## [WHAT IS REQUIRED]
Filter the records below for the word "card". Keep each line that has it.
*-*-*
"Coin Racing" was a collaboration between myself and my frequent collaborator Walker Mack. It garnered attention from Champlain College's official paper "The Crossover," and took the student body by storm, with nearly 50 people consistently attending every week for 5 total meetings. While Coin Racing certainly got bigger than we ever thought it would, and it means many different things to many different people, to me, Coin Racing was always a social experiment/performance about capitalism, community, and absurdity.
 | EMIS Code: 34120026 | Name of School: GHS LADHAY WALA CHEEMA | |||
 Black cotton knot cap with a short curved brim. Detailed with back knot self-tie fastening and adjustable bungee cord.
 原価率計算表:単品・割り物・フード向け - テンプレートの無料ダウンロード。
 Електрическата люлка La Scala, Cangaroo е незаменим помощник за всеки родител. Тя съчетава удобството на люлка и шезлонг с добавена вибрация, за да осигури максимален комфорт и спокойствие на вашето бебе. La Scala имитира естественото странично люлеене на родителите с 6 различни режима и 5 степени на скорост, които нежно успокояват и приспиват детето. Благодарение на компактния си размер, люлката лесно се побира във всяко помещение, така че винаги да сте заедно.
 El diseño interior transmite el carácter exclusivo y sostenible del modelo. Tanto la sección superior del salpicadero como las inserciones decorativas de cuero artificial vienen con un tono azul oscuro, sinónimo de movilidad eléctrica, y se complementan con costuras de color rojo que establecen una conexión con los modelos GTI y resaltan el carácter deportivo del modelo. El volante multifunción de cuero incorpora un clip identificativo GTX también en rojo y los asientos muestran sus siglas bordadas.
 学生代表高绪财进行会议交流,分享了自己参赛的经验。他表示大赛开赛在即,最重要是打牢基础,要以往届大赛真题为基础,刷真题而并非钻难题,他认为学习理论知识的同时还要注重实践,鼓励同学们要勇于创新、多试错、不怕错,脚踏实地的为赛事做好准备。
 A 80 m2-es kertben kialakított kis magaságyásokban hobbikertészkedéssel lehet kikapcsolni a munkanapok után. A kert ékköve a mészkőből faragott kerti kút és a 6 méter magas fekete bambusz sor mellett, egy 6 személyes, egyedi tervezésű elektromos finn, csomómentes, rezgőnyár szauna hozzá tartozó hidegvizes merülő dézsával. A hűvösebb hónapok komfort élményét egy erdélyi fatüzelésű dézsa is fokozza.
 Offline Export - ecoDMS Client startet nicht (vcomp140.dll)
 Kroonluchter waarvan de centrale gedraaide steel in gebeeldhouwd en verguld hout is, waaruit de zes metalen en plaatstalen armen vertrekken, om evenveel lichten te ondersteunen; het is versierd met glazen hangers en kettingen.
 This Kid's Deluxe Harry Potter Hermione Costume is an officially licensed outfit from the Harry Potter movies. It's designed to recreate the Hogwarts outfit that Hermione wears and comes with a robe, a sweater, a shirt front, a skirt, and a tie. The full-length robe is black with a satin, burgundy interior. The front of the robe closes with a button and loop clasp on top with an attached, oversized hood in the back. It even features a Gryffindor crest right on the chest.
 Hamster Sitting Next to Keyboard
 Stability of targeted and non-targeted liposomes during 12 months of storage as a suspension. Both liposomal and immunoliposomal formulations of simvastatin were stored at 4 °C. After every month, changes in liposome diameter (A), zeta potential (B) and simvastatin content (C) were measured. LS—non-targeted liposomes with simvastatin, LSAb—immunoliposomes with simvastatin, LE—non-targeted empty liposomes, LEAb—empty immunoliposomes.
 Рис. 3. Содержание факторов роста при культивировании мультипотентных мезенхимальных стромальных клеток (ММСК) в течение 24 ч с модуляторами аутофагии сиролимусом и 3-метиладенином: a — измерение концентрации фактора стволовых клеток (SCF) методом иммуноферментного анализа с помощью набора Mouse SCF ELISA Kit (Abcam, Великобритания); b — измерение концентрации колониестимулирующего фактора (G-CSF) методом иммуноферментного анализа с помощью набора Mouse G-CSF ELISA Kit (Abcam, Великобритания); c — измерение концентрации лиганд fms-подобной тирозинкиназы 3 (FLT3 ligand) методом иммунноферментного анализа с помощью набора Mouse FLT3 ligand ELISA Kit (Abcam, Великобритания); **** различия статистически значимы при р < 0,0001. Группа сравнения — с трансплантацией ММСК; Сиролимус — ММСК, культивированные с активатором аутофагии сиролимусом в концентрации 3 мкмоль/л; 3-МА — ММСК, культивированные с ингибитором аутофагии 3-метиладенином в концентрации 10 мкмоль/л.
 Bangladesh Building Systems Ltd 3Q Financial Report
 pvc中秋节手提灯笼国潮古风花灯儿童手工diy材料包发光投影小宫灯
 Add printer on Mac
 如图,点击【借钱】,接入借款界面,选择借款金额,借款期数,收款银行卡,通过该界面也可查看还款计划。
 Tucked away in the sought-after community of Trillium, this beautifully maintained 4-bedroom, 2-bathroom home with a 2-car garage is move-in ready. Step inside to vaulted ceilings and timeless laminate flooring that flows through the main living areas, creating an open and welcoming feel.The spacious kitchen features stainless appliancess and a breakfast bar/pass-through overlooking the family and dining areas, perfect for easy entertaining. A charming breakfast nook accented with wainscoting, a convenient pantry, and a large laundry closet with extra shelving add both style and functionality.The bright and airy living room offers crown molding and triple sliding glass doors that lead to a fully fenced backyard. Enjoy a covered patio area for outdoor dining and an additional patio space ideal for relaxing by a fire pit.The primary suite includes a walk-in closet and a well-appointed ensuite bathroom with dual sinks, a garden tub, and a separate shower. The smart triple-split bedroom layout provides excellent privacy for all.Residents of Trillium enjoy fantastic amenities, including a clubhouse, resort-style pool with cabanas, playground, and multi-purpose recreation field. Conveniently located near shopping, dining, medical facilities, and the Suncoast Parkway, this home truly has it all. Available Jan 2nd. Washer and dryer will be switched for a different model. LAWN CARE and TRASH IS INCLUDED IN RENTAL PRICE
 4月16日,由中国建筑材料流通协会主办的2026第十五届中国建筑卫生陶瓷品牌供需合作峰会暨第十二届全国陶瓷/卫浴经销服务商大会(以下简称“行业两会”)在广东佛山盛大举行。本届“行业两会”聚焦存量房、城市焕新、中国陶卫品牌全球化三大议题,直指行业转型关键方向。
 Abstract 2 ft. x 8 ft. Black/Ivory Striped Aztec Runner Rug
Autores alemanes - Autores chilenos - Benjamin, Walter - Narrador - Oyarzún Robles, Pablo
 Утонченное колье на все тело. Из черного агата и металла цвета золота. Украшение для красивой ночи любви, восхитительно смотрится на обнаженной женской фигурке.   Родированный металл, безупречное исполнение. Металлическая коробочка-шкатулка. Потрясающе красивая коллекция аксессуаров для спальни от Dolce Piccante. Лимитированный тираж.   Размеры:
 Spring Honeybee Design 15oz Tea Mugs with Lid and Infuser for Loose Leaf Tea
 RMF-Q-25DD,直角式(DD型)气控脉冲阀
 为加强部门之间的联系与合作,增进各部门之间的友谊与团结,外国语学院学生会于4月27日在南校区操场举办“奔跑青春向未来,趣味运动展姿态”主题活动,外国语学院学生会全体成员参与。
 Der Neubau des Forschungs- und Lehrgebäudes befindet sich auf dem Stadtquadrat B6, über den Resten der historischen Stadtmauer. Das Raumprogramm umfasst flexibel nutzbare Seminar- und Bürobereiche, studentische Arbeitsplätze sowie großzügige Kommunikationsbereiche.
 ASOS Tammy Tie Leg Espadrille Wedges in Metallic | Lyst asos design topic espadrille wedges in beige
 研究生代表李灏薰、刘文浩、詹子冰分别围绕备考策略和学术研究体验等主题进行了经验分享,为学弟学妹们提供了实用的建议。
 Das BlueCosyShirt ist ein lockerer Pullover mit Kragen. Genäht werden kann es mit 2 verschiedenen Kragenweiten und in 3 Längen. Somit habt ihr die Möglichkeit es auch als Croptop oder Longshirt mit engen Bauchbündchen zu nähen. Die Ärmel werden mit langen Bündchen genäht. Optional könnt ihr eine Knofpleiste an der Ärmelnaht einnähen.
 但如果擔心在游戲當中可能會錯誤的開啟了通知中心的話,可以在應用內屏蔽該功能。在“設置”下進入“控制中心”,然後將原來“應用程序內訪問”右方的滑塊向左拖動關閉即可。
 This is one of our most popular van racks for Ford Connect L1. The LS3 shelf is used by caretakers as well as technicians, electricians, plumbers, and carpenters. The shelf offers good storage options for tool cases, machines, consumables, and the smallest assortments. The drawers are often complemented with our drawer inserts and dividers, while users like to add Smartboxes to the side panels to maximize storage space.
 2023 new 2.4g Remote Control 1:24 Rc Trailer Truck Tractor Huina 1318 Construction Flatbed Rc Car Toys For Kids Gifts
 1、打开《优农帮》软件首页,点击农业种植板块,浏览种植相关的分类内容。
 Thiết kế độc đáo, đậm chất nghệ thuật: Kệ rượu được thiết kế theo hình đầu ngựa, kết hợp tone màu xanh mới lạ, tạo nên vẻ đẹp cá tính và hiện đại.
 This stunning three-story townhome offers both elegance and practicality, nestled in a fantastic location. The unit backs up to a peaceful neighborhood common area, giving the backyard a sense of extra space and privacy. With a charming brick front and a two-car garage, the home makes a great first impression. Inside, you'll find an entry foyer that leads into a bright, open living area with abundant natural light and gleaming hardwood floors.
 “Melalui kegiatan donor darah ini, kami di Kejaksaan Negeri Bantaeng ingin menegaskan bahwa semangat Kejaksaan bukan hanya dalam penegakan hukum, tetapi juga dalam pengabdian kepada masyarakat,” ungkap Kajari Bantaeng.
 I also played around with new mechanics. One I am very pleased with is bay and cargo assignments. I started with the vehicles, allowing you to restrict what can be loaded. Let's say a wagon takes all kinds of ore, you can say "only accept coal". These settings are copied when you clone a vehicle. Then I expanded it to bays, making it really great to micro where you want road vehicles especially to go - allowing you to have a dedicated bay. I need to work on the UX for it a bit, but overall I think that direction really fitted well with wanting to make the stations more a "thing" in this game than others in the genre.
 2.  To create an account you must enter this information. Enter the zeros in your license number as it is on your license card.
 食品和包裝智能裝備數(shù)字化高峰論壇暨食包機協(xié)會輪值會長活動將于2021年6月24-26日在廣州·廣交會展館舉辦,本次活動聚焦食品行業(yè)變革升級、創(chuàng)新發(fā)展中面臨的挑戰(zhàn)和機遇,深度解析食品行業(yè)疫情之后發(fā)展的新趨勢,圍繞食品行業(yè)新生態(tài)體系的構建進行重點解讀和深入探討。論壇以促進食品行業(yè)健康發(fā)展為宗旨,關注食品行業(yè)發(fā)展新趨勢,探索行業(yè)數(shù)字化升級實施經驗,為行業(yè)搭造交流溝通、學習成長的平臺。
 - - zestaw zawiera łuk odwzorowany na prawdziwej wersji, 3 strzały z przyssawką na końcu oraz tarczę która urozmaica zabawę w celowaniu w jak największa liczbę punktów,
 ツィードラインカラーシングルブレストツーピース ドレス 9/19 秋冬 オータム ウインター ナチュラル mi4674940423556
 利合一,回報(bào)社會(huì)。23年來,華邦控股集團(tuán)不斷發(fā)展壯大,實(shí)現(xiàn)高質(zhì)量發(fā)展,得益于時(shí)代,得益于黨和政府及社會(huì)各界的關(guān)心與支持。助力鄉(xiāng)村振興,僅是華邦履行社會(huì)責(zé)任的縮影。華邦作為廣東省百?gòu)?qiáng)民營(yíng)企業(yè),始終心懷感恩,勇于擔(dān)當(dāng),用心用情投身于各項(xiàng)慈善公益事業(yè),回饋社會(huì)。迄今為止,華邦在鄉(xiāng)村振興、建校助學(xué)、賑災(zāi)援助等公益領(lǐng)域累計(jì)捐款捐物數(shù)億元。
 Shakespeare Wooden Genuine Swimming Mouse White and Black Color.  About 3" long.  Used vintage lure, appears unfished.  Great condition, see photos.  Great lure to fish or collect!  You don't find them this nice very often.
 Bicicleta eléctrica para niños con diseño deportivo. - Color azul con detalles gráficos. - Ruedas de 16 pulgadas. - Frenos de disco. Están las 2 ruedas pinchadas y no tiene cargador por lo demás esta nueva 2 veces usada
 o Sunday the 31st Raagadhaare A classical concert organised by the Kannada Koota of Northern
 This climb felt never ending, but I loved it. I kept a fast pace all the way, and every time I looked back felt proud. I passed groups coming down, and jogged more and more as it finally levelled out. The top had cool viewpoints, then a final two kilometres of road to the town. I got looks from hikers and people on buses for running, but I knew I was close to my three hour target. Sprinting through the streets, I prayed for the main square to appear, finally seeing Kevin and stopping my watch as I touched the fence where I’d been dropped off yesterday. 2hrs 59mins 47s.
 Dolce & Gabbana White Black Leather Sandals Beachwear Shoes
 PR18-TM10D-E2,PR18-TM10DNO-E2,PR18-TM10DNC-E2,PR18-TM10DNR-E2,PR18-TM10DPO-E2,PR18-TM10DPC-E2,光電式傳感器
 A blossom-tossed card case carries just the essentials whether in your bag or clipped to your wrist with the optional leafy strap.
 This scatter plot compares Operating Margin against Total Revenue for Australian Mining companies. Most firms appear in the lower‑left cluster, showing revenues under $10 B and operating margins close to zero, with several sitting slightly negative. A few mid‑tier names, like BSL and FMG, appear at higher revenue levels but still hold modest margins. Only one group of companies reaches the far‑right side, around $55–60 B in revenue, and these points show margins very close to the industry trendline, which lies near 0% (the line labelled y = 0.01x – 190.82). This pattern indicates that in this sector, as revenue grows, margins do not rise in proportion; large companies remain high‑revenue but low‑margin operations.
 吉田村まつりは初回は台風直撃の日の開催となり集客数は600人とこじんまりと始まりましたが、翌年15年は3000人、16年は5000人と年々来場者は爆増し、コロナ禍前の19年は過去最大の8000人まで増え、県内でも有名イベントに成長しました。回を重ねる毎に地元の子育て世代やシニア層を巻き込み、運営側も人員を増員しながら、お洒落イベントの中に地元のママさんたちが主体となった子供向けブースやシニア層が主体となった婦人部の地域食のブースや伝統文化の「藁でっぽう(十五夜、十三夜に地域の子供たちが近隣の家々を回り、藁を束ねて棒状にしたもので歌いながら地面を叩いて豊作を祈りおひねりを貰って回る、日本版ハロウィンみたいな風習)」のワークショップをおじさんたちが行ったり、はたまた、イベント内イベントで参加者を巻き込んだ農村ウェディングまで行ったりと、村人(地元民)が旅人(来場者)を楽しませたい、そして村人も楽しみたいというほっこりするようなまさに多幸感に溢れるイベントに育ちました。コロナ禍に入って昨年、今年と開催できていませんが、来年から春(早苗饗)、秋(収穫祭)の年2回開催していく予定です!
*-*-*
## [TASK RESPONSE]
 2.  To create an account you must enter this information. Enter the zeros in your license number as it is on your license card.
 A blossom-tossed card case carries just the essentials whether in your bag or clipped to your wrist with the optional leafy strap.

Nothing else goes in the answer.